Space partitioning in multiple scattering techniques. I. Hydrogen molecular ion and hydrogen molecule

The use of multiple scattering techniques combined with a statistical exchange potential for the description of the electronic structure of atoms, molecules, and solids depends strongly on the geometry (muffin tin, overlapping spheres, or cellular potentials) and on the form of the electron gas exchange. In this work we compare only the effects of using different geometries. For that purpose we have done calculations on the hydrogen molecular ion and Hartree‐type calculations on the hydrogen molecule so that no exchange effects are involved.
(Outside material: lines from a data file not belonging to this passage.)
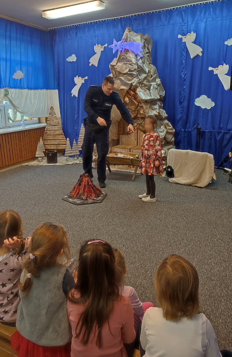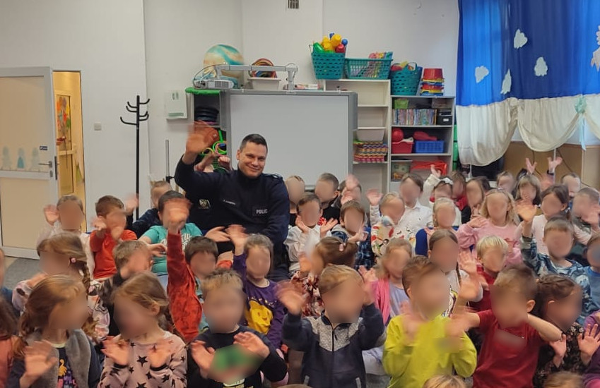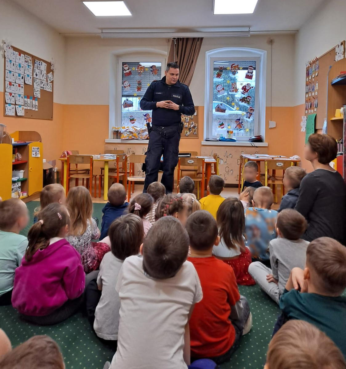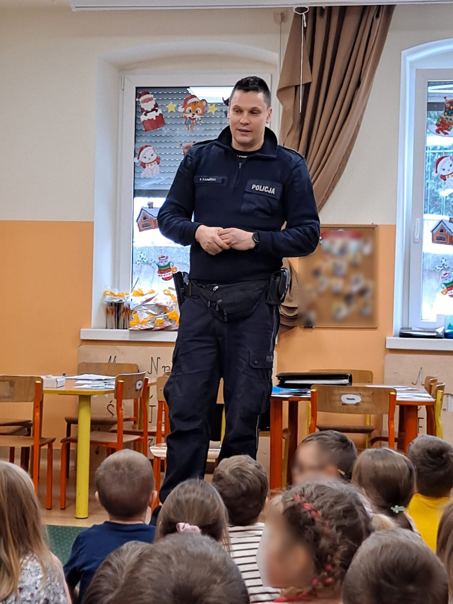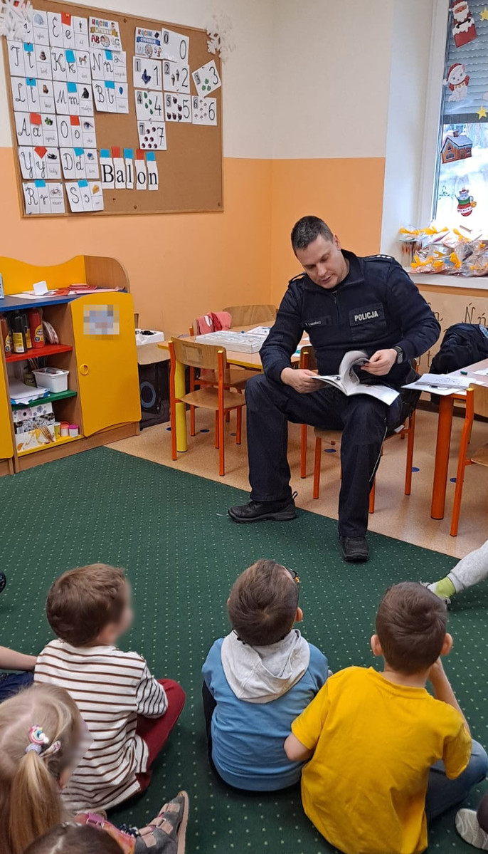 W środę (17.01.2024 r.) funkcjonariusz dzielnicowy z Posterunku Policji II spotkał się z dziećmi z przedszkoli na terenie Olsztyna, gdzie rozmawiał z najmłodszymi o bezpieczeństwie podczas ferii zimowych, a także na temat zagrożeń z jakimi mogą się spotkać podczas zimowego wypoczynku. Ciekawym urozmaiceniem działań profilaktycznych było czytanie dzieciom książeczki dla najmłodszych pod tytułem "Na ratunek Poli". Policjant rozmawiał z dziećmi na temat bezpiecznego spędzania czasu zimą i zabaw na śniegu, podczas których również należy zachować ostrożność. Policjant przypomniał najmłodszym zasady prawidłowego przechodzenia przez jezdnię oraz jak ważne jest noszenie elementów odblaskowych szczególnie zimą. Podczas spotkania dzieci uczyły się wskazywać zagrożenia jakie mogą spotkać na swojej drodze podczas zabaw w miejscach niedozwolonych, takich jak m.in. zamarznięte zbiorniki wodne. Nie mogło zabraknąć informacji na temat tego, czym jest numer alarmowy i w jakich sytuacjach należy dzwonić pod 112. Dzieci, jak zawsze chętnie, odpowiadały na pytania i brały udział w ćwiczeniach dotyczących bezpiecznych zachowań zimą.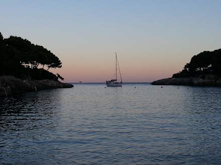 Die Bucht Cala Gran am Abend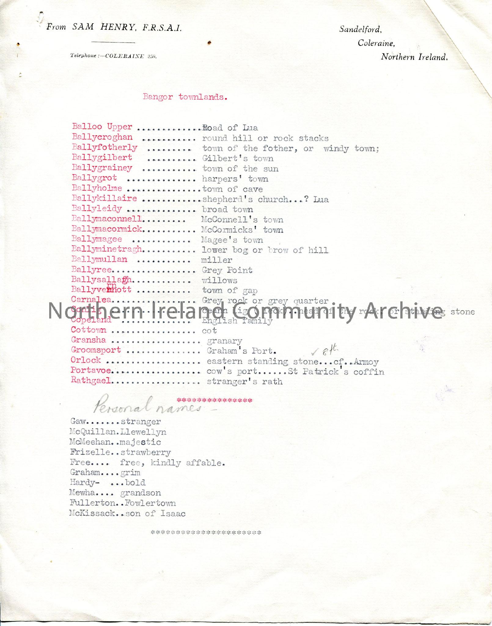 Typed list of Bangor townlands and their meaning, and personal names and thier meaning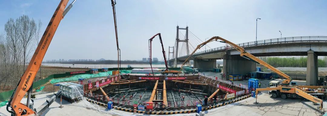 101#主墩承台是主桥段体积最大的承台,项目部科学组织、合理部署,优化各项施工方案,强化技术创新,率先完成首座主墩承台一步混凝土浇筑,有力促进了黄河大桥整体工作平稳推进。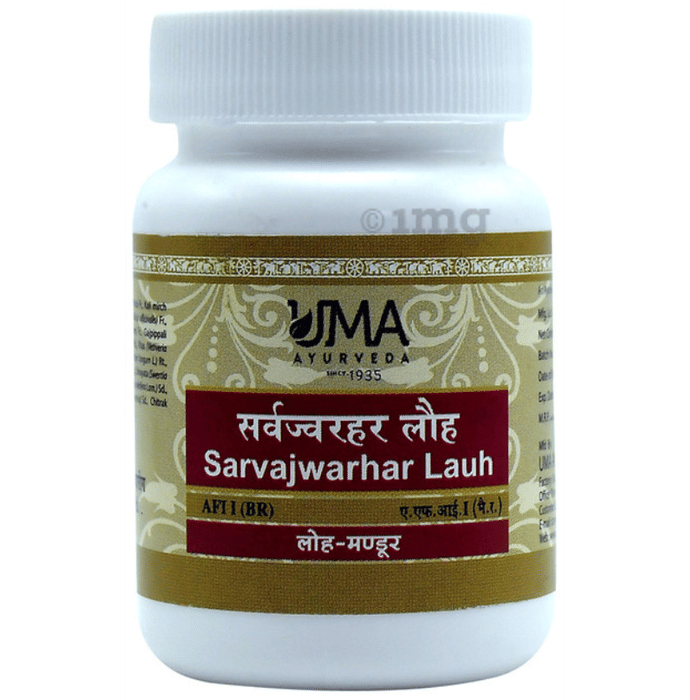 Uma Ayurveda Sarvajwarhar Lauha Tablet is an ayurvedic product that is beneficial to manage body temperature, weakness, immunity, and fever. It is useful for malaria, viral infections, and recurrent fevers. This is beneficial in cases of fever for any reason. It helps to increase haemoglobin levels. It can alleviate coughing, provides energy, and detoxifies the body. It can be used as an iron source because it contains Iron calx (Bhasma) as a component. It is antibacterial and tonic in nature.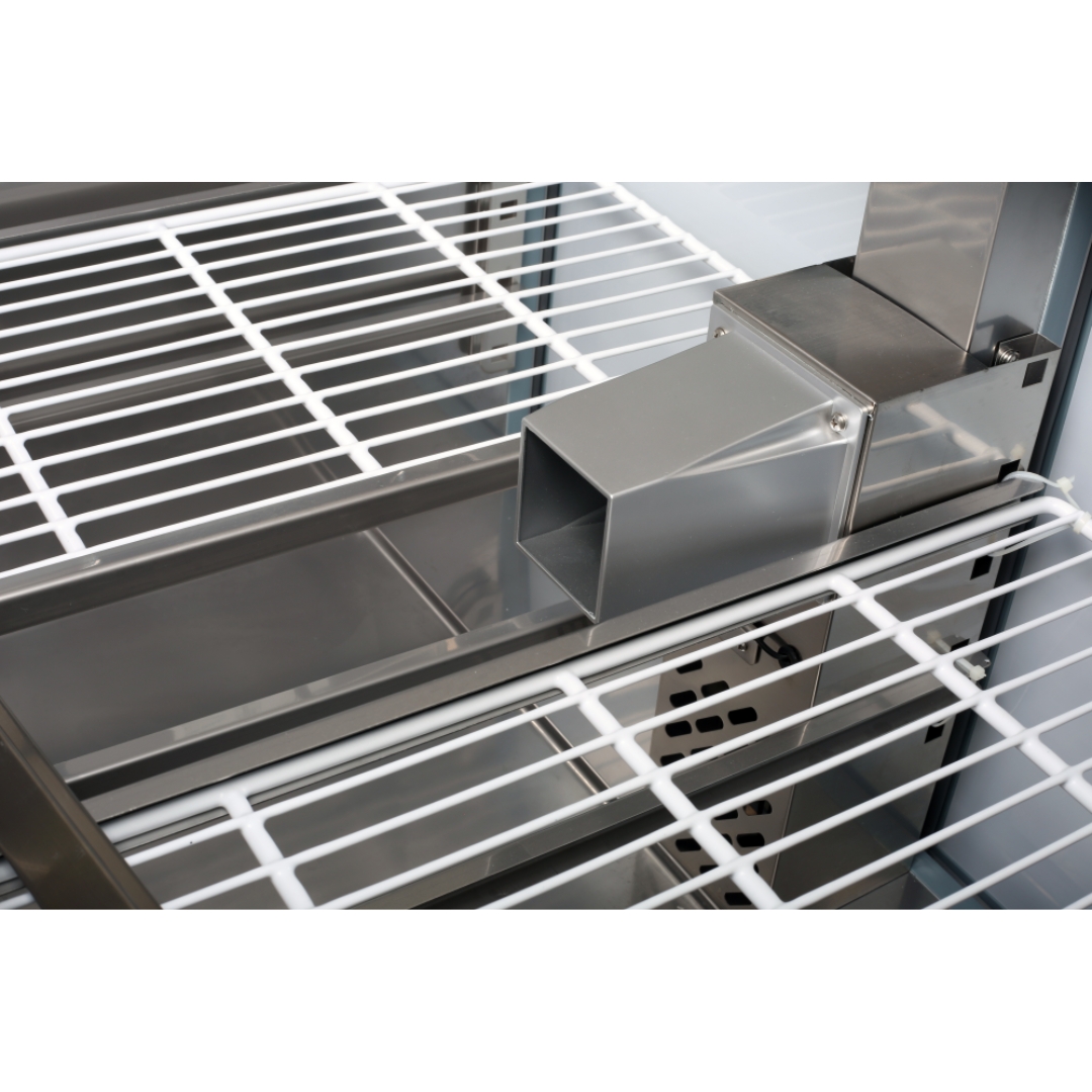 Umluftkühltisch mit 3 seitig eingeschäumtem Verdampfer und 2 Umluftventilatoren für die bessere Kaltluftverteilung, Temperatur mittels eletronischem Thermostat regelbar und digitale Temperaturanzeige. Beleuchteter Ein-/Ausschalter. Der Fettfilter befindet sich hinter der abschließbaren Maschinenblende, ist leicht herausnehmbar und waschbar. Rostmaß GN 1/1. Maximal können 5 Roste inkl. 5 Paar kippsichere Auflageschienen ( Zubehör ) pro Türfach eingebracht werden. Für eine optimale Luftführung im Kühltisch befindet sich im Bodenbereich hinter jeder Tür ein zusätzlicher Rost. Türdichtungen servicefreundlich ohne Werkzeug wechselbar. Boden als Wanne ausgebildet mit mittigen Tauwasserablauf. Arbeitsplatte allseits abgekantet, nicht abnehmbar.

To avoid arbitrariness in the choice of the sphere sizes we propose a nonempirical criterion that consists of using the set of radii that will minimize the charge in the interstitial region of the molecule or cluster. Some arguments are given to justify this criterion, and to clarify the differences between cellular, overlapping spheres, and muffin‐tin geometries. It is found that the cellular geometry gives a very good description around the equilibrium internuclear distance. However, for most systems of interest, exchange will be present. Thus, we have done, for comparison, the calculation on H 2 using X αβ statistical exchange. It is shown through this calculation that some of the correlation energy may be obtained by redefining the molecular orbitals in terms of non‐paired‐spins spatial orbitals, this formulation being required to obtain the correct free‐atom limit.